12. What was your hardest movement to learn and how did you overcome that challenge? – @holamellamopiscinadelumerta
Of all the movements I learned while competing in CrossFit, the backward roll to support on rings was the hardest for me. This was a skill I decided I wanted to learn a couple of years ago, and I worked on it every week with my gymnastics coaches Dominique Moceanu and Dr. Mike Canales. I would see very slow progress each week but it was so rewarding to finally feel comfortable doing this skill after almost a year of hard work.
13. How to respond when a woman is to “bulky” or “manly”? 🙄 – @asdfjkl.sadafy
There will always be people who make comments like this, but I try to focus more on what my body can do than what it looks like. In the end, it doesn’t matter what anyone else thinks – YOU need to feel happy and healthy in your own skin, and doing CrossFit allows me to feel that way.
14. What advice do you have for beginners who want to get more serious? – @r0bjam
I would say to set realistic goals and start checking them off one by one. When you look back you will surprise yourself with how much progress you’ve made! If you want to spend more time in the gym, start with skill practice under low intensity – make sure your movements are sound before you start increasing your training volume. Also, extra attention and focus on nutrition, sleep, and recovery can never hurt!
15. Now that you have scaled back, how do you program your workouts compared to while you were actively competing? – @bbgamer702
Now that I’ve scaled back, I program 5 workout sessions per week for 1 hour each through www.btwb.com/juliefoucher. We have different training cycles depending on the time of year, but generally I try to make sure we do all of the major movement patterns on a regular basis. We also spend some time under low-intensity working on gymnastics skills and Olympic lifting.
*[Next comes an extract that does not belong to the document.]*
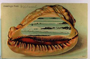 Card # 196632. View Larger | Rotate Shell Border, “Wildwood”, Used 1907 DB emb m wof F-VF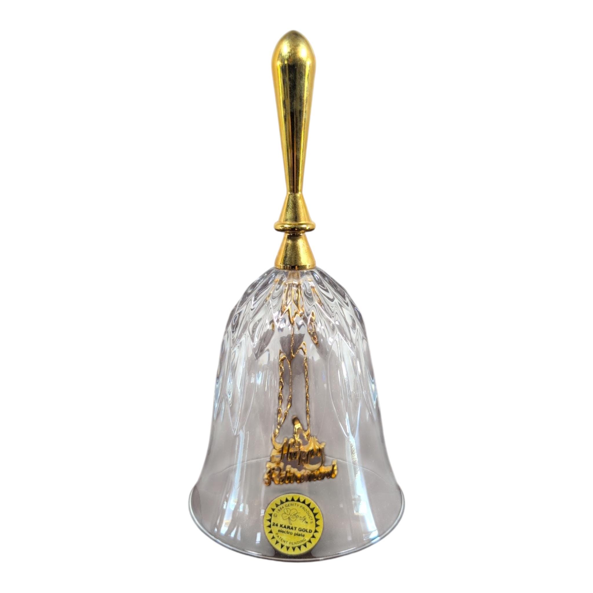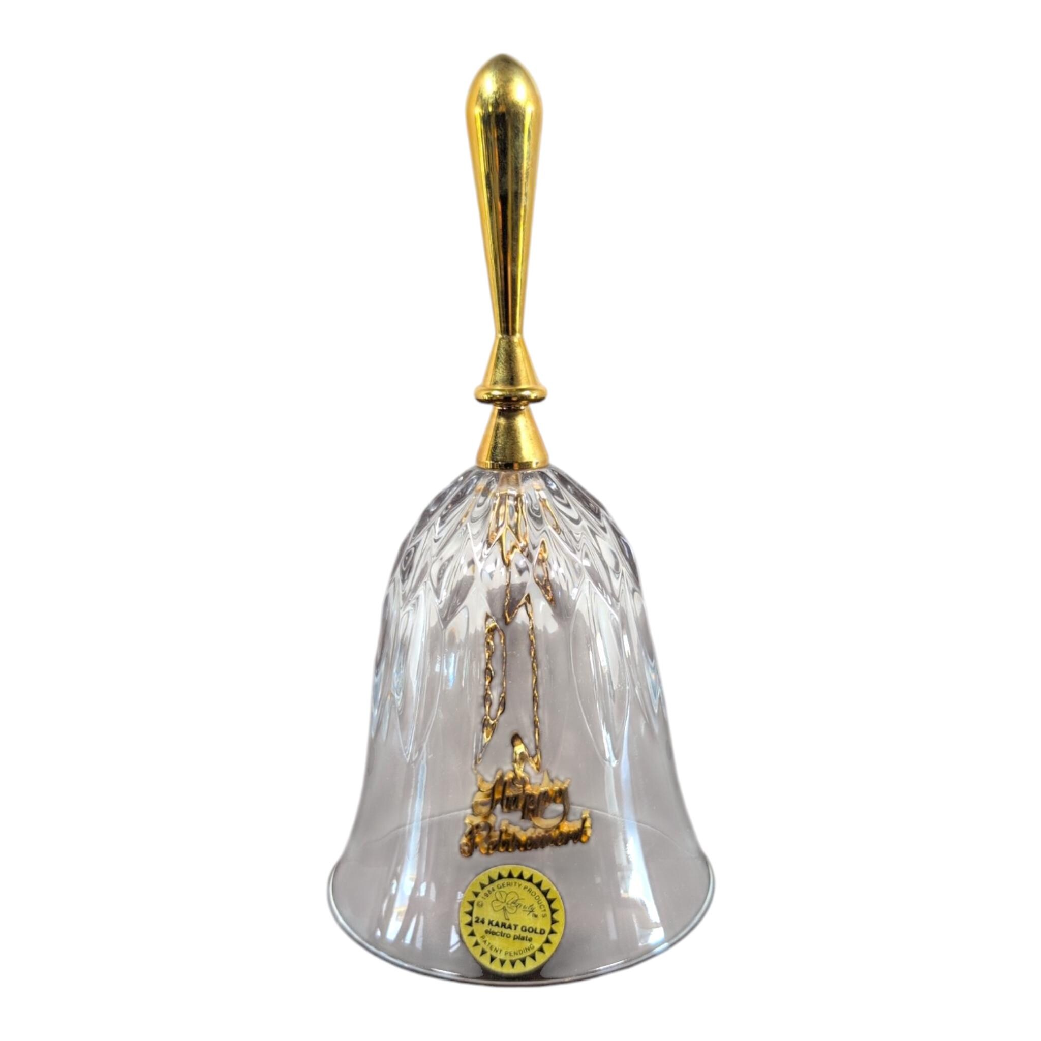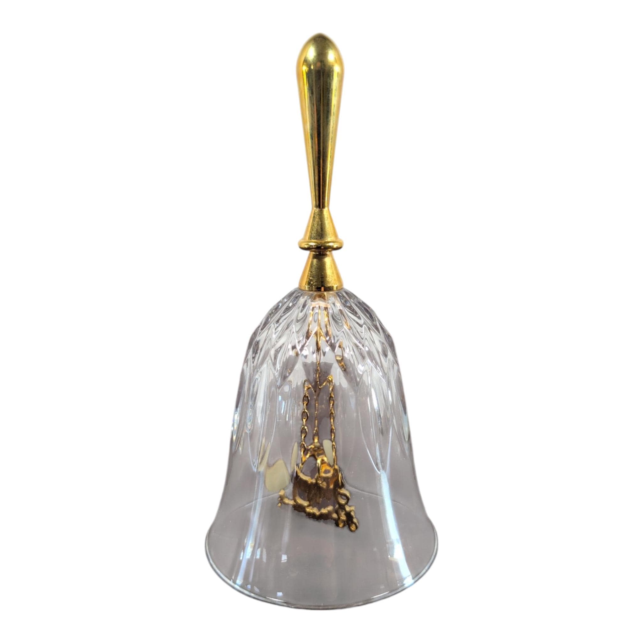 This is a vintage Gerity 24% cut lead crystal bell with 24 karat gold electroplating for a happy retirement theme. The bell measures 6.5 inches in length. It is suitable for decoration in any room and is from the 1980s. Perfect for gifting or for retirement celebrations. In great condition.X9

16. Do you plan to incorporate CrossFit into her career as an md? – @ridinsaulo
Absolutely! CrossFit has shown me how to prevent disease and cultivate healthy communities, and I intend for this to be a major focus of my career as a physician.
17. My husband completely tore his Achilles a couple of years ago. I’ve wanted him to join my box as something to do together, but he says his limited range of motion makes him nervous he’ll tear or injure it again during some of the more explosive moves. What stretches/exercises helped you? Did you ever use kinetic tape? Any advice in general? – @mrs_mccarley
Some of the tools that helped me most with my recovery were voodoo floss, soft tissue work, and focused rehab exercises from my physical therapist and Airrosti provider. Now I avoid rebounding box jumps, and I make sure to do some strengthening exercises (weighted eccentric toe raises) as well as soft tissue work (foam rolling) a few times per week for both of my Achilles.
18. I’m going to be moving to South Korea for a year to teach English. I know you spent some time there last year, what was it like training there? Do they speak English at the CrossFit gyms? How did you diet change while you were there? – @brendanfrank
I had such a great time in South Korea! Some of the gyms that I visited spoke English, but everyone was incredibly nice and helpful. My diet didn’t change too much while I was there, but I did enjoy some Korean BBQ!
19. What kind of snacks do you eat? – @sarahdutemple
I like simple snacks, like nuts (cashews, almonds, pecans) or nut butters (almond or natural peanut butter), fresh fruit, or some turkey or chicken slices. Usually I just try to eat frequent small meals throughout the day!